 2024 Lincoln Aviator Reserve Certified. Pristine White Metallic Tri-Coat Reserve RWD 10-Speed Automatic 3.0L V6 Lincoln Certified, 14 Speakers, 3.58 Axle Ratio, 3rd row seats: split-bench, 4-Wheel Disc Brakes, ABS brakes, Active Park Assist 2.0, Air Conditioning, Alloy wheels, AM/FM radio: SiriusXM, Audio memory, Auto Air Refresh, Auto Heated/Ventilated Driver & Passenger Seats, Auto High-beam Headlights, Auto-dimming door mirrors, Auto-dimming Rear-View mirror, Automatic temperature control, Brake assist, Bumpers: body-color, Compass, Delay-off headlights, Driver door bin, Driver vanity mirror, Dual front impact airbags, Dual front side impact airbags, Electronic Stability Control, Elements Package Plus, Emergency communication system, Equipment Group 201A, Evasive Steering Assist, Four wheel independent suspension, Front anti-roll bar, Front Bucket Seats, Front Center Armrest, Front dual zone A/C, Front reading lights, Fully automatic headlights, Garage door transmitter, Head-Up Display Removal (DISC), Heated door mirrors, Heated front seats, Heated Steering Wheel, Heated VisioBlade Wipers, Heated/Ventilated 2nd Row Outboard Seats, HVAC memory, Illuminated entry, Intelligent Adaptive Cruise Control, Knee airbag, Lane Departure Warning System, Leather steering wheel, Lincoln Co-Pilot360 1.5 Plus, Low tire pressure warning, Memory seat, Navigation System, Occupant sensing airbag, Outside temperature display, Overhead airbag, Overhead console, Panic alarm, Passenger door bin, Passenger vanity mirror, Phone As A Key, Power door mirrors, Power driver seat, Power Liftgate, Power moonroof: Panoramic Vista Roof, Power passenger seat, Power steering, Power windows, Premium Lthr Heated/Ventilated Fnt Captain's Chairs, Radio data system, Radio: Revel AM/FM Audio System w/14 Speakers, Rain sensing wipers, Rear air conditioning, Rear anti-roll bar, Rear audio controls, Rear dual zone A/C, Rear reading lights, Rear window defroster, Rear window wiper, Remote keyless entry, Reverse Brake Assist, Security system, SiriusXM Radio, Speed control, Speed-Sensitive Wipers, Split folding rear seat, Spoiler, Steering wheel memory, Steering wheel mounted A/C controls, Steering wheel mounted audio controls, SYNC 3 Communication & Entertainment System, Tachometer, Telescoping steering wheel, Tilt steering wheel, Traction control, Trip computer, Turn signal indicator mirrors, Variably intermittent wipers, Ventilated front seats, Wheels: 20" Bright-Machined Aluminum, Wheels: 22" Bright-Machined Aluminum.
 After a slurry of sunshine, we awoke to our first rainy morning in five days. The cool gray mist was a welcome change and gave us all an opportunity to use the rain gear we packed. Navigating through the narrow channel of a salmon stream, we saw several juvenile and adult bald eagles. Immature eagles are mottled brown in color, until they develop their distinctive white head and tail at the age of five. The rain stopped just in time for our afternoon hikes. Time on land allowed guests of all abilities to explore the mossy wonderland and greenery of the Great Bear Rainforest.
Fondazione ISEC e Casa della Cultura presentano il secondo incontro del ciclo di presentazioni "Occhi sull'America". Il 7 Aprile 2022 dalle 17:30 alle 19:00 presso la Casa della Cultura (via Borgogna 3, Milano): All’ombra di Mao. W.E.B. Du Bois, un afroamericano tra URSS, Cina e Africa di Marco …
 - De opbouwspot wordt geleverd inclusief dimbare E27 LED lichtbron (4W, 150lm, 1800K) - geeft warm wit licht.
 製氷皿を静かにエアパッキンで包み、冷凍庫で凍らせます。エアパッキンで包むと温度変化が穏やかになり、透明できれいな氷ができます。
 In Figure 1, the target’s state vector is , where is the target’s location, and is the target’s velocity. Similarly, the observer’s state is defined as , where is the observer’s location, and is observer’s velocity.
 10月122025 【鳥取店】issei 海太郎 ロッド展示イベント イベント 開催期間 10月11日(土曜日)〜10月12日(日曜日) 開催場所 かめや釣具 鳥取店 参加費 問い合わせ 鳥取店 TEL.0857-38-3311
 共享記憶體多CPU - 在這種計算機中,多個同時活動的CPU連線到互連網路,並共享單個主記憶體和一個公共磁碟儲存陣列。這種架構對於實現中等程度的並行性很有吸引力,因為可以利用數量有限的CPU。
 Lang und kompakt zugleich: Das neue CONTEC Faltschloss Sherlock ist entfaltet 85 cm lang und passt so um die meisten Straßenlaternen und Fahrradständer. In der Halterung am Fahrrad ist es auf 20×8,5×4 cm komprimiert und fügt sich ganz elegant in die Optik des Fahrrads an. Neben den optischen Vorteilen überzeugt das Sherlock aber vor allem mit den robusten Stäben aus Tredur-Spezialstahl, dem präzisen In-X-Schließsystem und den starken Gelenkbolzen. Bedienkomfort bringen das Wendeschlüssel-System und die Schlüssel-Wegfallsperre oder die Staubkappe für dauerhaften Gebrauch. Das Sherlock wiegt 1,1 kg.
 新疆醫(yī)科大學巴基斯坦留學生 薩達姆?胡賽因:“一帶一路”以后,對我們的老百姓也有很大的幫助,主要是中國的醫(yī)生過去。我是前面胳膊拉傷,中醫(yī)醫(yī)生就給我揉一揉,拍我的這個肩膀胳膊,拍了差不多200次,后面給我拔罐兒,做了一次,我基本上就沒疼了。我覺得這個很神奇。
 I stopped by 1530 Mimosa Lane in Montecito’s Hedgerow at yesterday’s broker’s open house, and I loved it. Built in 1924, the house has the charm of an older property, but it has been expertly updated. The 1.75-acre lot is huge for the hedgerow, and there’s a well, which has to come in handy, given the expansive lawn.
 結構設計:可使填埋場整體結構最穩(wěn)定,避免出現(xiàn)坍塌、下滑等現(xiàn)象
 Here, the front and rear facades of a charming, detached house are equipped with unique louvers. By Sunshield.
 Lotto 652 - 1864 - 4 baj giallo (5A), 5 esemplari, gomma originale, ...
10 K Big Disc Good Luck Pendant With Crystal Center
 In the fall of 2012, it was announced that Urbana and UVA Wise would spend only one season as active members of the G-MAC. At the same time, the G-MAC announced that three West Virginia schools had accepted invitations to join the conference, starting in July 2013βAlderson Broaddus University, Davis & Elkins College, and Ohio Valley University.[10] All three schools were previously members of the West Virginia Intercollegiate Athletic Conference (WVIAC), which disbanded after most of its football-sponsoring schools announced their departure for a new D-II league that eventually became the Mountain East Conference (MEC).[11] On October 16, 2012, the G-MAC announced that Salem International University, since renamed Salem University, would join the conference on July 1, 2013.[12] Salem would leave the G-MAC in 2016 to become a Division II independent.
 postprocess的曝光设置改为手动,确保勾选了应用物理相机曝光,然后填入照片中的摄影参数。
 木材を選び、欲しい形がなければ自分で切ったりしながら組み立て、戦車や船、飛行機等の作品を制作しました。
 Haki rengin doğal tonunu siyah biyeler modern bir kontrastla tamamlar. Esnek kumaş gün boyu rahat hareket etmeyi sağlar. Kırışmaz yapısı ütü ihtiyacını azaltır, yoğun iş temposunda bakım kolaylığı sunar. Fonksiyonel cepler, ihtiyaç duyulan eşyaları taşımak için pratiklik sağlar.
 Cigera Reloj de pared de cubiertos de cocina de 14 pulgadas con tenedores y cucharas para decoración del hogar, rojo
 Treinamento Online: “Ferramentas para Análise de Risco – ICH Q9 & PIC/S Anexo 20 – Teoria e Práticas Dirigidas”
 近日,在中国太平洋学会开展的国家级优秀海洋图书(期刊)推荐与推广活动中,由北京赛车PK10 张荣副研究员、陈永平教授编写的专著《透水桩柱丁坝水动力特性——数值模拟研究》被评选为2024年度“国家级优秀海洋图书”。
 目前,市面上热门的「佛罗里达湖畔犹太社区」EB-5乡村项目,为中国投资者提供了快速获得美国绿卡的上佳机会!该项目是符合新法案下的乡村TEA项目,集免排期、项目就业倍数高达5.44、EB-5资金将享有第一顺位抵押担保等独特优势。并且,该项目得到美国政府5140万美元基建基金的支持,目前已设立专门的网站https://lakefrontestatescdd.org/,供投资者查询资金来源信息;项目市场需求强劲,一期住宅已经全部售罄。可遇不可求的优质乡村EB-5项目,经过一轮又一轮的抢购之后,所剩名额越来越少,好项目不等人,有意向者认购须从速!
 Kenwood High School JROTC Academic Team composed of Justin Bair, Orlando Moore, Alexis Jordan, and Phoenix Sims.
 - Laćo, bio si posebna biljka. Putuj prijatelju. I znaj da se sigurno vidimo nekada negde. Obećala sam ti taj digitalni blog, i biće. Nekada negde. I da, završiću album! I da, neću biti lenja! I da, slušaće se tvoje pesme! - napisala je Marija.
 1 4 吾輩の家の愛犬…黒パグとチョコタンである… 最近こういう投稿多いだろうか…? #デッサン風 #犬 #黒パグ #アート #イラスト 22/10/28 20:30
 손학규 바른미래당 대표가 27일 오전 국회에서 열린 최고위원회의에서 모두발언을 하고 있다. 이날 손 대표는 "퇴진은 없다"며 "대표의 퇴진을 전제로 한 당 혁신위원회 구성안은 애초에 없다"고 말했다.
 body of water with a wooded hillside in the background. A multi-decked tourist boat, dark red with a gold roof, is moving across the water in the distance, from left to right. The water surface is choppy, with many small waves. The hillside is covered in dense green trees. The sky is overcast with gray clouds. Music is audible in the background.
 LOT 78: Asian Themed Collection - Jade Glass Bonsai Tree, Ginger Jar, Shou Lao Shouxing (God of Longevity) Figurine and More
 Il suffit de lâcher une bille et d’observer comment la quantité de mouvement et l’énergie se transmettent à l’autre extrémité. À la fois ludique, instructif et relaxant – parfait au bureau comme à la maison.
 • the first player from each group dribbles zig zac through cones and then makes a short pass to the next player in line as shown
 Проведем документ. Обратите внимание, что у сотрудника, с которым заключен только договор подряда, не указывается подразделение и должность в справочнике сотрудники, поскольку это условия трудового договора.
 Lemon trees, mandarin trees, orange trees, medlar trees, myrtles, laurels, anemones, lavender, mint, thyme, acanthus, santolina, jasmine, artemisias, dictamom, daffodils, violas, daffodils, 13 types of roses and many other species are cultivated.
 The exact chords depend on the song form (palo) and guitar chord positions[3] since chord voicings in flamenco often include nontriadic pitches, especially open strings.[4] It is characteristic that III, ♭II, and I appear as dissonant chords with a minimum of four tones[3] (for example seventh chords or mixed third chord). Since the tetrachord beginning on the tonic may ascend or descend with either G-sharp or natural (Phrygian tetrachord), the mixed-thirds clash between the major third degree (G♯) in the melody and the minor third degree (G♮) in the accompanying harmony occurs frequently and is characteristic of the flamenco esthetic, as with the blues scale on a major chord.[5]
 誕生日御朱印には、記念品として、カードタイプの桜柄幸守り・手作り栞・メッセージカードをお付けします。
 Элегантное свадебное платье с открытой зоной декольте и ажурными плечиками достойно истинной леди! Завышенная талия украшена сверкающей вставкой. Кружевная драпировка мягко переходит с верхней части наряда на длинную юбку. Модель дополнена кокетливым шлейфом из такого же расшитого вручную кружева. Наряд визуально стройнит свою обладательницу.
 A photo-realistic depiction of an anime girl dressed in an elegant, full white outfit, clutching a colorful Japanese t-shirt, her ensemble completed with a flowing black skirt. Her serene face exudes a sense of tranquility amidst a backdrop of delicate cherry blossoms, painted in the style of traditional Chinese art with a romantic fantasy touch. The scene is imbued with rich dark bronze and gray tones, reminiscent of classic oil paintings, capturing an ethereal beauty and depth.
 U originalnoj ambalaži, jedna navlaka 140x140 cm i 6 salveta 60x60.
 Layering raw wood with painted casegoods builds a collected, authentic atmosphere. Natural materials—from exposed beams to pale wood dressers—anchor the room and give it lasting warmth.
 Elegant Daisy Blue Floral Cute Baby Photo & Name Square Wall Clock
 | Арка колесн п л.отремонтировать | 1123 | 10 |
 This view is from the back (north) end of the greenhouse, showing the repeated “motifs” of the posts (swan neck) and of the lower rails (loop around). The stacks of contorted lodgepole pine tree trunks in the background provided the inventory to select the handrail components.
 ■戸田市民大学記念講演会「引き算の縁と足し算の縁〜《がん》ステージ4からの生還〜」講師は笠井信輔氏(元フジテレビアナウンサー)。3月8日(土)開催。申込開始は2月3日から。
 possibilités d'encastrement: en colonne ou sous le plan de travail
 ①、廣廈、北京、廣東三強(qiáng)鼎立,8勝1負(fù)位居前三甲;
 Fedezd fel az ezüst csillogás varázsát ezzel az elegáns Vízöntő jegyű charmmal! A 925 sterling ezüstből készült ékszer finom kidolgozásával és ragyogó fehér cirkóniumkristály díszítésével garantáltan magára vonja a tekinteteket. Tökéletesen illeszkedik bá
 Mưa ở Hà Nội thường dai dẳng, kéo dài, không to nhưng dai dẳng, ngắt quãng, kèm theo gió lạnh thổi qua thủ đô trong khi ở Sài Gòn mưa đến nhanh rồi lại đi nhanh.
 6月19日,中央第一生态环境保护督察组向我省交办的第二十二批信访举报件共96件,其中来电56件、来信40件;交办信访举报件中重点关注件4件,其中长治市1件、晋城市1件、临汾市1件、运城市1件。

EXERCISE INSTRUCTIONS:
Give back, unchanged, the line containing "This view is" and each line that comes after it in the entries above, ending with the last.

ANSWER TO THE PROBLEM:
 This view is from the back (north) end of the greenhouse, showing the repeated “motifs” of the posts (swan neck) and of the lower rails (loop around). The stacks of contorted lodgepole pine tree trunks in the background provided the inventory to select the handrail components.
 ■戸田市民大学記念講演会「引き算の縁と足し算の縁〜《がん》ステージ4からの生還〜」講師は笠井信輔氏(元フジテレビアナウンサー)。3月8日(土)開催。申込開始は2月3日から。
 possibilités d'encastrement: en colonne ou sous le plan de travail
 ①、廣廈、北京、廣東三強(qiáng)鼎立,8勝1負(fù)位居前三甲;
 Fedezd fel az ezüst csillogás varázsát ezzel az elegáns Vízöntő jegyű charmmal! A 925 sterling ezüstből készült ékszer finom kidolgozásával és ragyogó fehér cirkóniumkristály díszítésével garantáltan magára vonja a tekinteteket. Tökéletesen illeszkedik bá
 Mưa ở Hà Nội thường dai dẳng, kéo dài, không to nhưng dai dẳng, ngắt quãng, kèm theo gió lạnh thổi qua thủ đô trong khi ở Sài Gòn mưa đến nhanh rồi lại đi nhanh.
 6月19日,中央第一生态环境保护督察组向我省交办的第二十二批信访举报件共96件,其中来电56件、来信40件;交办信访举报件中重点关注件4件,其中长治市1件、晋城市1件、临汾市1件、运城市1件。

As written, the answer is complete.